The Richards Prize for the best article in each volume year of The Journal of the Civil War Era is named in honor of George and Ann Richards. In 2002, the Richards made a spectacular contribution to Penn State’s Civil War Era Center, the editorial home of the journal, which provided the Center with a permanent source of income to fund scholarly research and outreach programs that advance our understanding of the Civil War era. This journal has been one of the beneficiaries of their generosity. The editors of the journal created the $1,000 Richards Prize in 2011 to recognize George and Ann Richards not only for their contribution to the center that now bears their name, but also to recognize their contributions to Civil War era scholarship generally.
Congratulations to the Winner of the 2021 George and Ann Richards Prize
Cynthia Nicoletti has won the $1,000 George and Ann Richards Prize for the best article published in The Journal of the Civil War Era in 2021. The article, “William Henry Trescott: Pardon Broker,” appeared in the December 2021 issue.
Nicoletti’s essay details the efforts of William Henry Trescot, “executive agent” for South Carolina, who secured pardons in order to facilitate the restoration of land the federal government had seized from lowcountry planters during the war. She demonstrates how Trescot’s maneuvering in the Johnson White House and with Freedmen’s Bureau officials throughout 1865 and 1866 was integral in explaining the failure of Reconstruction-era land redistribution in the United States.

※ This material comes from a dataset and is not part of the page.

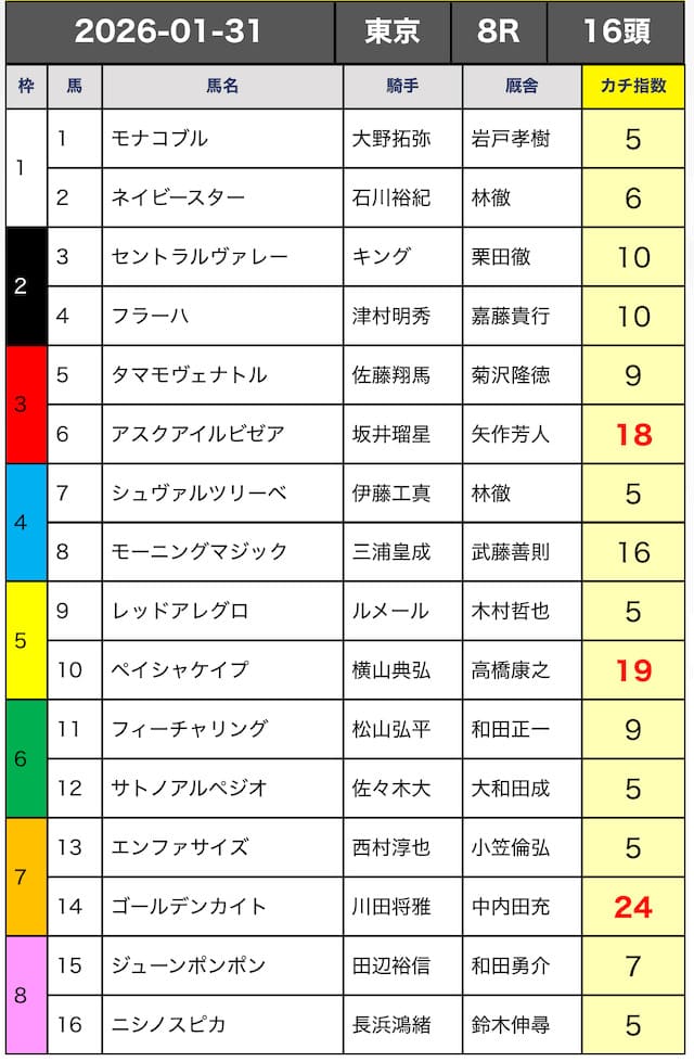 - 「プロの判断基準」が見える無料予想(カチ指数)

In the words of the prize committee, “Nicoletti offers an important new perspective on a familiar subject: the pardoning of ex-Confederates by U.S. president Andrew Johnson. Taking a novel methodological approach to this topic, her well-written article shows the critical role that the South Carolinian William Henry Trescot played in not only encouraging Johnson’s issuance of pardons but also facilitating the restoration of land to former slaveowners in the U.S. South. In doing so, “William Henry Trescot, Pardon Broker” makes a substantial contribution to the scholarship on the Reconstruction era and strengthens our understanding of its legacies. The denial of freedpeople’s demands for land redistribution as an essential foundation of self-determination and restorative justice was far from inevitable, as Nicoletti concludes. “Instead, the nation that emerged from the struggles of the Civil War was one that was actively made by men like William Henry Trescott.”

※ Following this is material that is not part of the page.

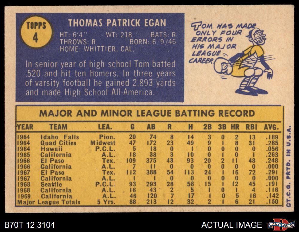 1970 Topps #4 Tom Egan 4.5 - VG/EX+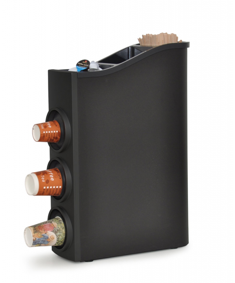 Der Becherspender ZD40BK ist eine robuste und stabile Box, die komplett aus elegantem schwarzem Metall besteht. Er wird mit einem Kunststoffdeckel und drei verschiedenen Hüllen für die Becherausgabe geliefert. Darüber hinaus verfügt der Spender über einen herausnehmbaren Organizer für Portionspackungen. Dank seines extrem schlanken Designs kann dieser Spender optimal platzsparend aufgestellt werden.

Cynthia Nicoletti is a legal historian and professor of law at the University of Virginia School of Law. Her book, Secession on Trial: The Treason Prosecution of Jefferson Davis, won the 2018 Cromwell Book Prize, given by the William Nelson Cromwell Foundation each year for excellence in scholarship to an early career scholar working in the field of American legal history.
Past Winners
2020 – Catherine A. Jones, “The Trials of Mary Booth and the Post-Civil War Incarceration of African American Children,” Volume 10, Number 3 (September)
2019 – Caroline E. Janney, “Free to Go Where We Liked: The Army of Northern Virginia After Appomattox,” Volume 9, Number 1 (March)
2018 – Joshua A. Lynn, “A Manly Doughface: James Buchanan and the Sectional Politics of Gender,” Volume 8, Number 4 (December)
2017 – Sarah L. H. Gronningsater, “‘On Behalf of His Race and the Lemmon Slaves’: Louis Napoleon, Black Northern Legal Culture, and the Politics of Sectional Crisis,” Volume 7, Number 2 (June)
2016 – Mark E. Neely, Jr., “Guerrilla Warfare, Slavery, and the Hopes of the Confederacy,” Volume 6, Number 3 (September)
2015 – Millington W. Bergeson-Lockwood, “‘We Do Not Care Particularly About the Skating Rinks’: African Americans Challenges to Racial Discrimination in Places of Public Accommodation in Nineteenth-Century Boston, Massachusetts,” Volume 5, Number 2 (June)
2014 – Ted Maris-Wolf, “‘Of Blood and Treasure’: Recaptive Africans the Politics of Slave Trade Suppression,” Volume 4, Number 1 (March)
2013 – Thavolia Glymph, “Rose’s War and the Gendered Politics of a Slave Insurgency in the Civil War,” Volume 3, Number 4 (December)
2012 – Carole Emberton, “‘Only Murder Makes Men’: Reconsidering the Black Military Experience,” Volume 2, Number 3 (September)
2011 – Anne E. Marshall, “The 1906 Uncle Tom’s Cabin Law and the Politics of Race and Memory in Early Twentieth Century Kentucky,” Volume 1, Number 3 (September)
All winning articles are available in Project Muse. For more information, visit The Journal of the Civil War Era.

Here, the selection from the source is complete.